Earlier studies of NSCLC indicated that gains in DNA copy number at 3q26 occurred more frequently in squamous cell carcinomas than in adenocarcinomas (11, 12, 20, 37). Soder et al. (32) reported that expression of TERC in NSCLC, as determined by in situ hybridization, was almost confined to squamous cell carcinoma and rare in adenocarcinoma. In our CGH studies, however, gain at 3q26 was found in 6 of the 10 cell lines derived from squamous cell carcinoma and in 6 of the 9 adenocarcinoma lines (Table 1; Fig. 1). TERC was frequently overexpressed as well as amplified in our cell lines derived from either type of tumor (Fig. 3); moreover, we observed up-regulation of TERC expression in all of the 12 primary squamous cell carcinoma tumors that we examined, and in 12 of the 13 primary adenocarcinomas (Fig. 5). Our results suggested that TERC was a common target of 3q26 amplification in these NSCLCs.

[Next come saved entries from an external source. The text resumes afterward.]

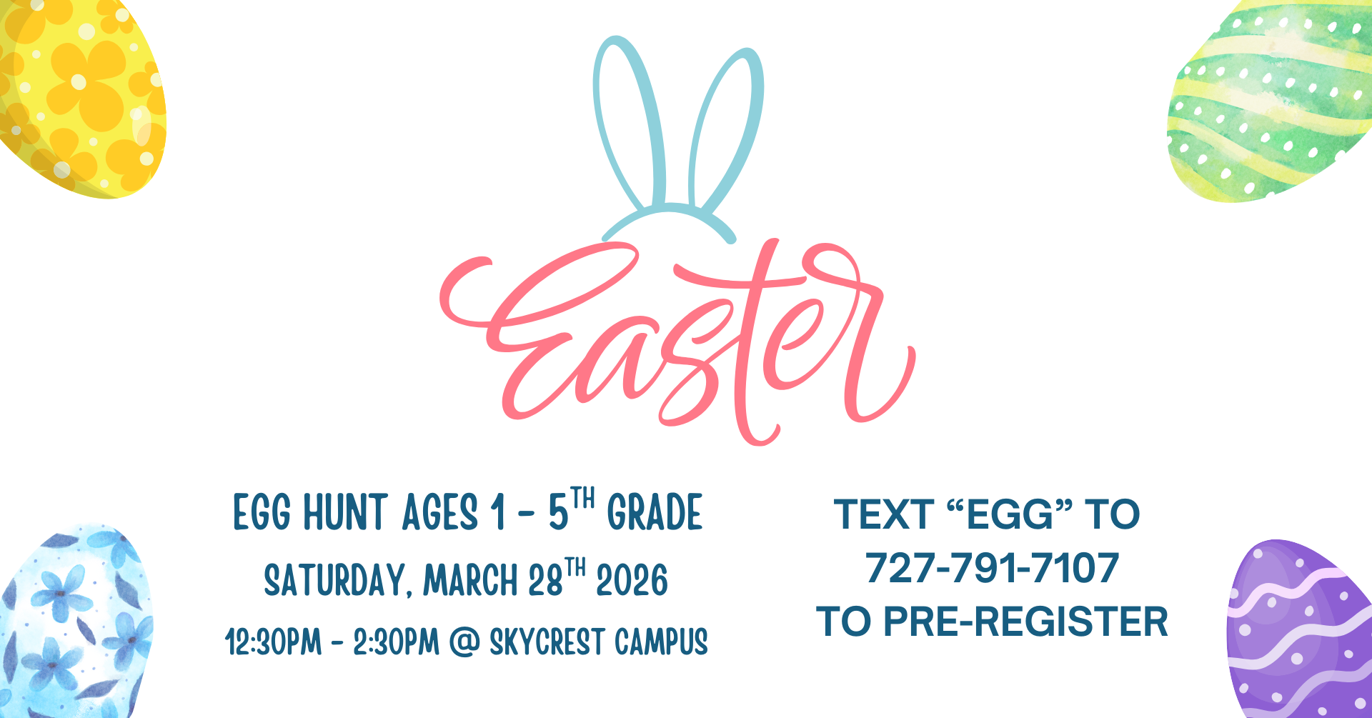 Skycrest Community Church is hosting a FREE Easter Egg Hunt for kids (1 year old – 5th grade), and it’s open to everyone.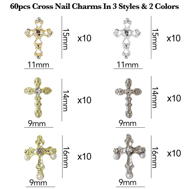 - 【Charming Cross Nail Charms Kit】The package contains 60 pieces 3D luxury cross nail art charms in 3 different styles and 2 color, 6 types in total, 10pcs of each type. Enough quantity will satisfy your daily design use and replace needs, keep your nails sparkling all the times.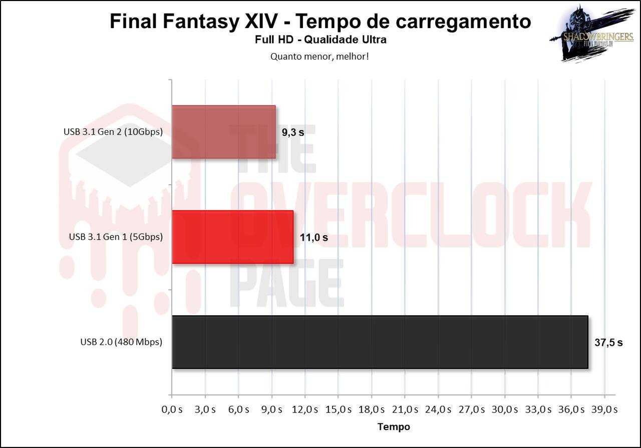 Vemos que até mesmo neste caso, um benchmark que representa demais a realidade, houve uma diferença ENORME quando usamos a enclosure em uma porta USB 2.0, portanto para aqueles que queiram usar um SSD externo para deixar games armazenados, evitem entradas USB 2.0.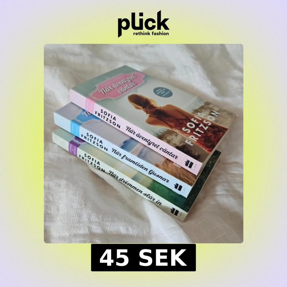 Säljer en trilogi av Sofia Fritzson: 'När drömmen slår in', 'När framtiden ljusnar' och 'När äventyret väntar'. Böckerna har mjuka pärmar med omslag i pastellfärger och motiv av kvinnor i somrig miljö. Perfekt för dig som gillar romance och familjehemligheter.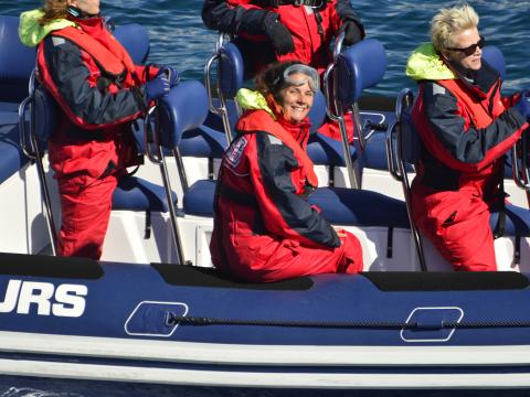 Report from Eldey: Is this Iceland ? Is this real life ? Anyway, if this is a dream please don't wake me up ! Again today a calm sea and sunny weather, almost all the week ! The operation is simple, nice weather equals nice sailing, we had to face off a little bit of wind and rain at some point but it quickly went away. So our departure was optimistic, and not even 15 minutes after leaving the harbour we saw a humpback whale ! It seemed busy and determinate, as it was taking regular long dives and surfacing shortly, heading to the west. We got few quick looks, then we decided to head further away, hoping to find other species or maybe easier individuals. We had to navigate for one more hour before we heard about other species, and we finally meet a large pod of white-beaked dolphins, about a dozen of them ! We approached very slowly, they were often changing direction, sometime speeding up, what we acknowledge as a potential feeding behaviour. When we finally got close, the sun was lighting them, displaying a hypnotic contrast between their black and white colors. A magnificent sight ! When time was running out, we headed back toward home. There was no more animals to be sighted, but the sun was warming our back for an easy and comfy cruising.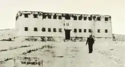 The camp was never finished, and its structures were looted in 1941. As a result, it was in poor shape when the first prisoners arrived, and the situation would deteriorate further in the months to come, when the camp came under German control.[8] The camp had a roughly rectangular shape, surrounded by a triple barbed wire fence, with guard towers at every 200 m. The camp's gate was on the western side of the fence. Most buildings were clustered on the northern half of the camp.[9] Blocks 1 to 4 were located there, built in a staggered line towards the East. These were two-storey barracks buildings, divided in two equal but separate sections, western and eastern, with separate entrances to each.[9] In addition, the north-eastern corner housed storage houses, the mess hall, the baths (Block 16), where the women's solitary confinement cells were also located, the workshops (Block 21) and the camp headquarters (Block 20). The infamous Block 15, located to the east of the headquarters, was the solitary confinement facility, with the camp guard's quarters and mess room.[9] In the south-eastern corner there was the isolated women's wing (Block 6). Under the Germans, the first floor housed Jewish women, while the second floor was reserved for Christians.[9] In total, over 300 Christian and 2,500 Jewish women passed through Haidari beginning on 7 December 1943, including heroines of the Resistance such as Iro Konstantopoulou or Lela Karagianni (executed on 5 and 8 September 1944 respectively).[10]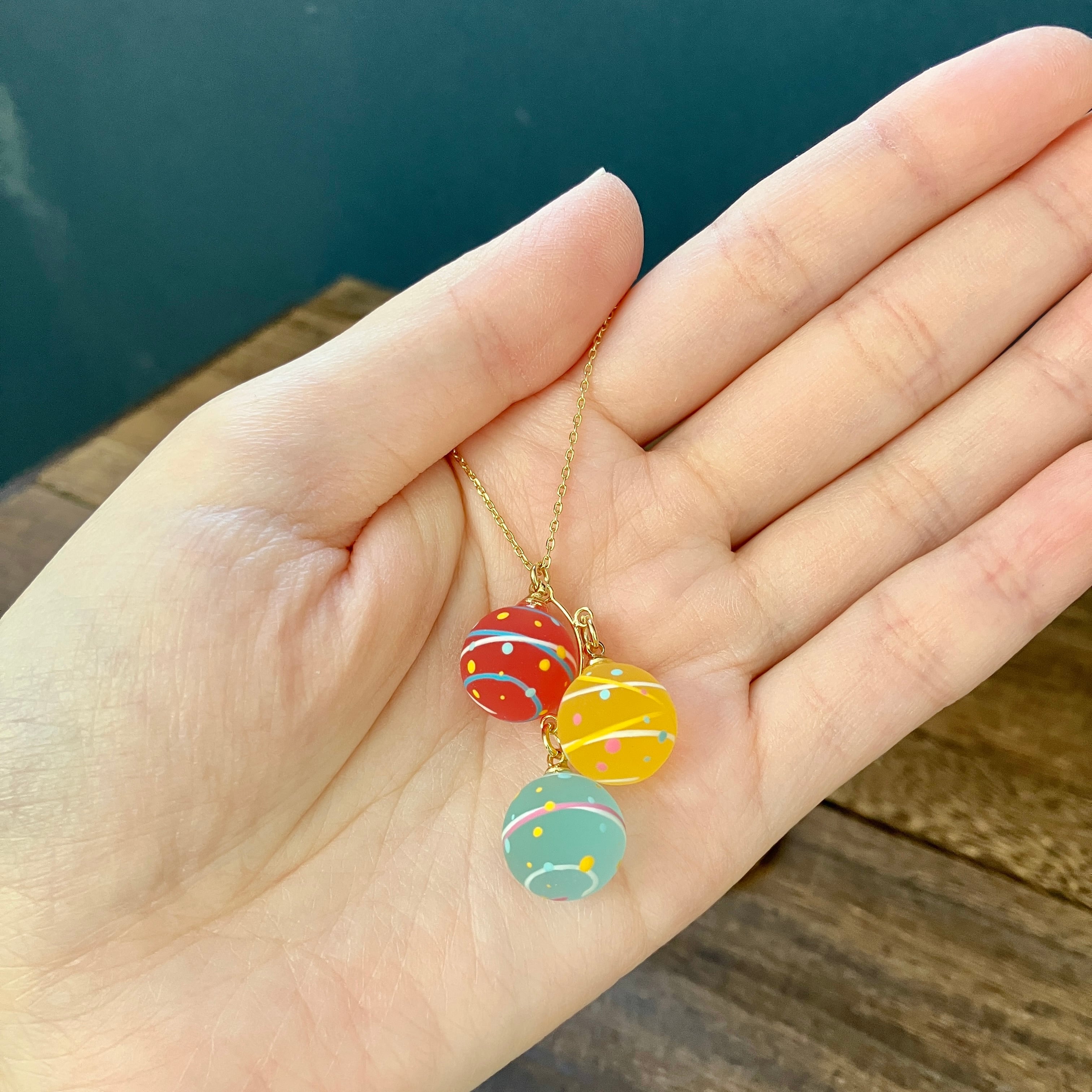 小さな水風船を3色組み合わせてネックレスに仕立てました。

Because the 3q26 amplicon in NSCLCs is estimated to be more than 30 Mb long (20), TERC is unlikely to be the only target gene. Other candidates include BCHE (38), SLC2A2 (38), EIF5A2 (39), and SST (20), as well as unidentified transcripts. Activated EVI1, SNO, and/or PIK3CA may also collaborate for progression of NSCLC.

Functional studies are needed to clarify the effect of TERC on the initiation and progression of NSCLC, because TERC may become a valuable diagnostic biomarker and a novel therapeutic target for this type of lung cancer.